# ink sticking to screen for wet on wet printing



## BlackPressGr (Jun 9, 2007)

I've had an occasional problem when printing a multicolor wet on wet print. Sometimes the ink transfer on the back of the 3rd or 4th screen will stick to the shirt when I print.

I've adjusted my off contact more and less with the same results. I've even tried adjust the angle of my squeegee but no luck.

It doesn't happen to every print but when it happens during a 5 or 6 color print, it tends to screw up the registration a little. Just enough to frustrate me.

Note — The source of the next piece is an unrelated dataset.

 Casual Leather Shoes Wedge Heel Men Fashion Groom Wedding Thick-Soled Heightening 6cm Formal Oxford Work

Does anyone know what I'm doing wrong there or what I can do to avoid that happening?

-Nick


----------



## neato (Mar 21, 2006)

What kind of ink are you using?

Some inks are formulated for printing 'wet-on-wet', while others aren't.


----------



## BlackPressGr (Jun 9, 2007)

Mostly I'm using Wilflex Plastisol ink. But I also have some cheaper ink that I'm trying to use up (the brand name is slipping my mind right now). Both inks give me the same problem.

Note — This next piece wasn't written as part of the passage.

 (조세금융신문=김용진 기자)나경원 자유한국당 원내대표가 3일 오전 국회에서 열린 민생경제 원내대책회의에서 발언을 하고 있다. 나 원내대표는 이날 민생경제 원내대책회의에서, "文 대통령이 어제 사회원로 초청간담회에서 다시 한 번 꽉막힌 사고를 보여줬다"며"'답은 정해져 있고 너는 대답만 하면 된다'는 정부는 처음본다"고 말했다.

But I don't think either of them are specifically wet on wet inks.


----------



## mtmob (Apr 21, 2007)

personally im not a fan of wet on wet i rather flash between colors till plastisol is gelled not cured then continue printing with the next color.


----------



## neato (Mar 21, 2006)

Wilflex makes quite a few different inks. You should find out which line you're using, or contact your vendor to ask which line is best for wet on wet.

You also might want to try to reduce your inks a bit. And make sure your off contact is set right.

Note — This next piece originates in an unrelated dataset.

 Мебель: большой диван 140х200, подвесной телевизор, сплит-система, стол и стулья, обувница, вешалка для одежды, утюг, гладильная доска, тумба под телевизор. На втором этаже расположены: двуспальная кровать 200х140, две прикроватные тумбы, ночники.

Wet on Wet is the only way to print lights in my opinion. It's true, sometimes you will need to do a flash, like before printing black outlines, just to keep the image crisp. But with proper off contact, tight screens and a good press, wet on wet sure makes the job go a lot faster. It also tends to push the ink into the shirt a little more leaving a bit of a softer feel.


----------



## tman07 (Nov 14, 2007)

What mesh count are you using for the colors? You might want to try 180 or 230 for your wet on wet colors.


----------



## BlackPressGr (Jun 9, 2007)

tman07 said:


> What mesh count are you using for the colors? You might want to try 180 or 230 for your wet on wet colors.


I use 230 for all my colors and 156 for white underlays.

If I have no other option, I'll flash between each color. But when I'm running a 6 color job of 50 - 100 shirts, that's just too much time for each shirt.

I'll do some looking into the inks made for wet on wet printing but this time of year is when my budget is tight.


----------



## neato (Mar 21, 2006)

You really shouldn't be having that much trouble. Your mesh counts are ok. Try reducing your ink with some curable reducer or soft hand and make sure you have proper off contact. Also, after printing the underbase, make sure you flash it long enough and let it cool a bit. That's when 4 or more stations come in handy. That should do the trick.


----------



## BlackPressGr (Jun 9, 2007)

What would you say the ideal amount of off contact is?

Typically I keep it around 1/8 inch off the shirt surface. If thicker inks like white give me trouble, I'll bump the off contact up another 1/32 to 1/8 but I try to avoid that when possible.

I wish I had the 4 station going. But with the press I have, it would have caused more problems then helped. It's a Brown Mfg 6 color 2 station built on top of a conveyor dryer. It's great for working in a small space like I am but the 4 station would mean there was always a shirt in front and behind the conveyor belt.

To help cool after the flash I keep a pedestal fan blowing on my platten so it doesn't interfere with the flash dryer or conveyor dryer.


----------



## BroJames (Jul 8, 2008)

Nick, is that the Pony Xprs?


----------



## thestitchwitch (Apr 2, 2010)

BroJames,

The setup he's using IS the PonyXpress. That's the SP rig I have.


----------



## pyrophire (Jul 4, 2010)

BlackPressGr said:


> I'm running a 6 color job of 50 - 100 shirts, that's just too much time for each shirt.
> 
> I'll do some looking into the inks made for wet on wet printing but this time of year is when my budget is tight.


What kind of overhead do you have that you cant take some of the profit from the 50 - 100 shirts and invest it into something that will make you money...
Like everyone says "you gotta spend money to make money"


----------